Saved entries:
====
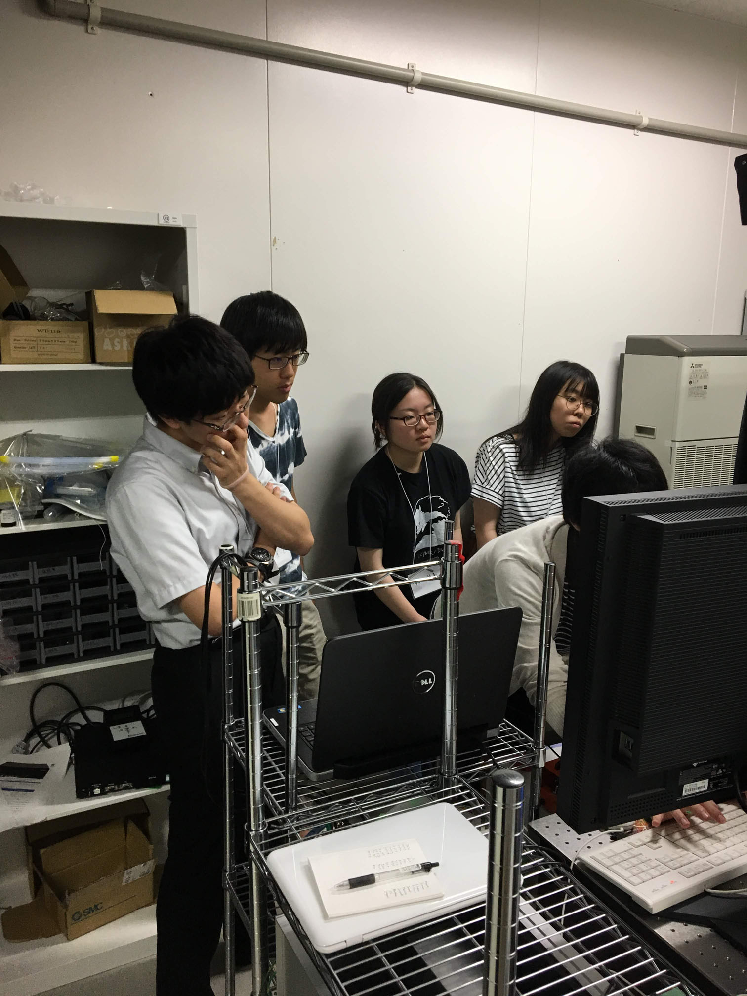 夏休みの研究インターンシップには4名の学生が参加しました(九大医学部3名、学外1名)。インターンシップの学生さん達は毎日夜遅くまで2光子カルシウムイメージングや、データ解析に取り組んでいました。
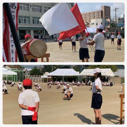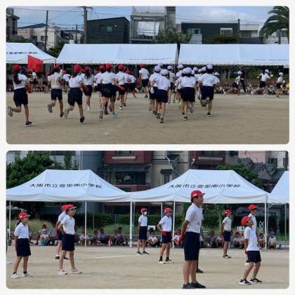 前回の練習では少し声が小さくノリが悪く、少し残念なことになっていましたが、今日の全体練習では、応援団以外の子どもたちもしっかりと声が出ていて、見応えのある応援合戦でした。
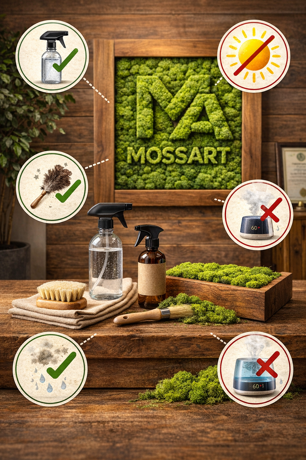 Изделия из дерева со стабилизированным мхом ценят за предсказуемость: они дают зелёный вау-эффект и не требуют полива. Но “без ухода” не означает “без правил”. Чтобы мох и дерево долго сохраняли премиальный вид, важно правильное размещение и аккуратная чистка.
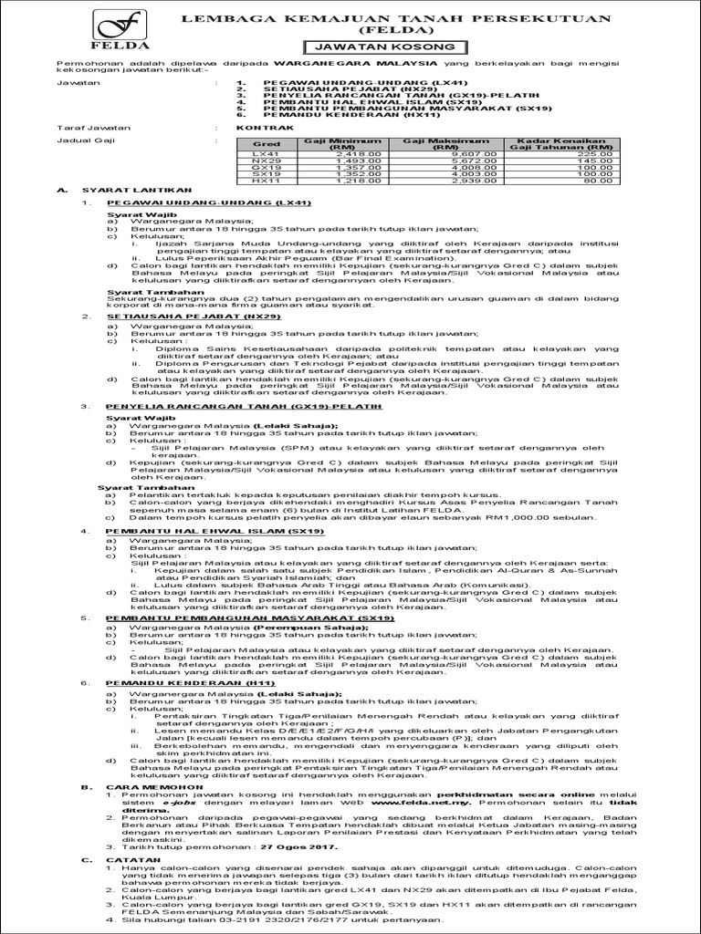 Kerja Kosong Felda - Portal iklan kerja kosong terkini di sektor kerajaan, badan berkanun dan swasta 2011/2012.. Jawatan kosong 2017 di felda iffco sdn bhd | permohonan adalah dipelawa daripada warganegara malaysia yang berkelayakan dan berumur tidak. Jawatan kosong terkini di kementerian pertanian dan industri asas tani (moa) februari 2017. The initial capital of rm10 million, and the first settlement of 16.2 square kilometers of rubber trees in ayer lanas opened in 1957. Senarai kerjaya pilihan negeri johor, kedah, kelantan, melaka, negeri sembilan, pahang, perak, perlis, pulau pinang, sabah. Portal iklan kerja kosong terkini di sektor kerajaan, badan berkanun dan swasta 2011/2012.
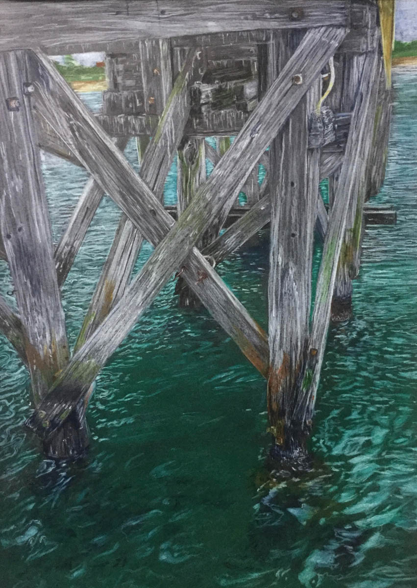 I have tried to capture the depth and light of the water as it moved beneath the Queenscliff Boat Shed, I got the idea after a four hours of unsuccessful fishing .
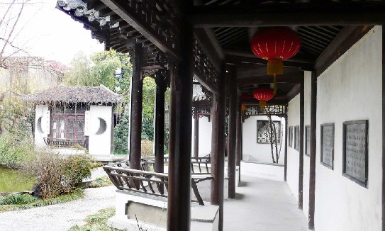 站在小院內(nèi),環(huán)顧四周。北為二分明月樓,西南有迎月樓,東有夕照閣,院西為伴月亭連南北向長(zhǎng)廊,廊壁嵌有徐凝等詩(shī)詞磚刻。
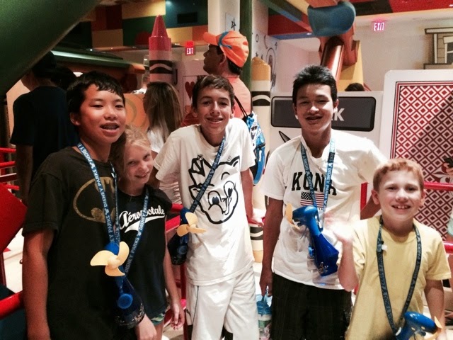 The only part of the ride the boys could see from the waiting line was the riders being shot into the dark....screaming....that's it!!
====
Exactly the lines from the line that contains "站在小院內(nèi),環(h" through the last line above, and no other lines, must be output, with pictures excluded.

*THE ANSWER*:
 站在小院內(nèi),環(huán)顧四周。北為二分明月樓,西南有迎月樓,東有夕照閣,院西為伴月亭連南北向長(zhǎng)廊,廊壁嵌有徐凝等詩(shī)詞磚刻。
 The only part of the ride the boys could see from the waiting line was the riders being shot into the dark....screaming....that's it!!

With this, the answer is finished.